In summary, we prepared silver and gold complexes with NHC ligands of general formula [M(NHC)₂]⁺ [MX₂]^-. The complexes were used as catalysts for the A³-coupling reactions of phenylacetylene, piperidine, and three different aldehydes (p-formaldehyde, cyclohexanecarboxaldehyde, and benzaldehyde) to afford propargylamines. They showed moderate to high activity. Better performances were recorded with Au(I) complex 4b in the reaction of phenylacetylene and piperidine with p-formaldehyde or cyclohexanecarboxaldehyde.

The antimicrobial activity of complexes 3a,b and 4a,b was evaluated against Escherichia coli and Staphylococcus aureus as representatives of Gram-negative and Gram-positive bacteria and compared with that of complexes 1a,b and 2a,b. The most active compounds against E. coli were the Ag(I) complexes (MIC values range from 6.5–15 µg/mL), whereas against S. aureus were the Au(I) complexes (MIC values range from 0.5 to 40 µg/mL).

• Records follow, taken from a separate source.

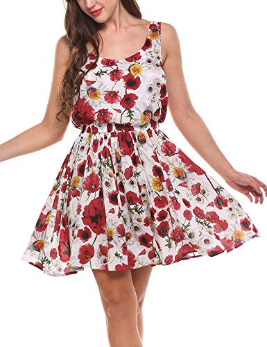 -. Title : Zeagooレディースカジュアルフィットとフレア花柄ノースリーブパーティーカクテルスケータードレス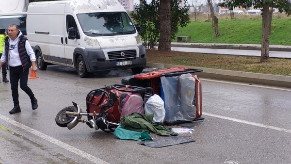 Kazada, 3 tekerlekli elektrikli bisiklet yol ortasına devrildi.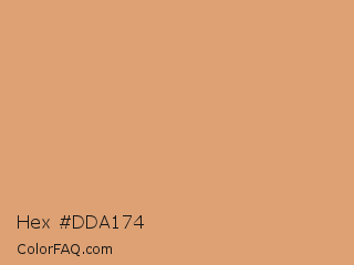Hex #dda174 Color is a light orange color and the nearest color is Whiskey #d59a6f. Hex code #dda174 and RGB value is rgb(221,161,116). In RGB color space, this color is composed of 87% red, 63% green, 45% blue, In CMYK color space, this color is composed of 0% cyan, 27% magenta, 48% yellow , 13% black , In HSL color space, this color has a hue angle of 26° , 61% saturation and 66% lightness.

Cytotoxicity of the pro-ligands (S3 and S4) and 3a,b and 4a,b complexes were studied by means of a colorimetric assay (MTT assay) towards two human breast cancer cell lines, namely MCF-7 and MDA-MB-231, and human cervical carcinoma HeLa cells. The lowest inhibitory concentration values were verified for 4a (HeLa cells, IC₅₀ = 11.9 ± 0.4 µM) and 4b (MCF7, IC₅₀ = 12.2 ± 1.2 µM).

It is noteworthy to mention that the complexes are highly selective towards cancer cells and bacterial cells. In fact, treatments up to 72 h with the synthesized complexes do not affect the viability of the normal MCF-10A breast epithelial cells and the embryonic kidney cells Hek-293; moreover, at non-toxic doses for these cells they have high antimicrobial activity.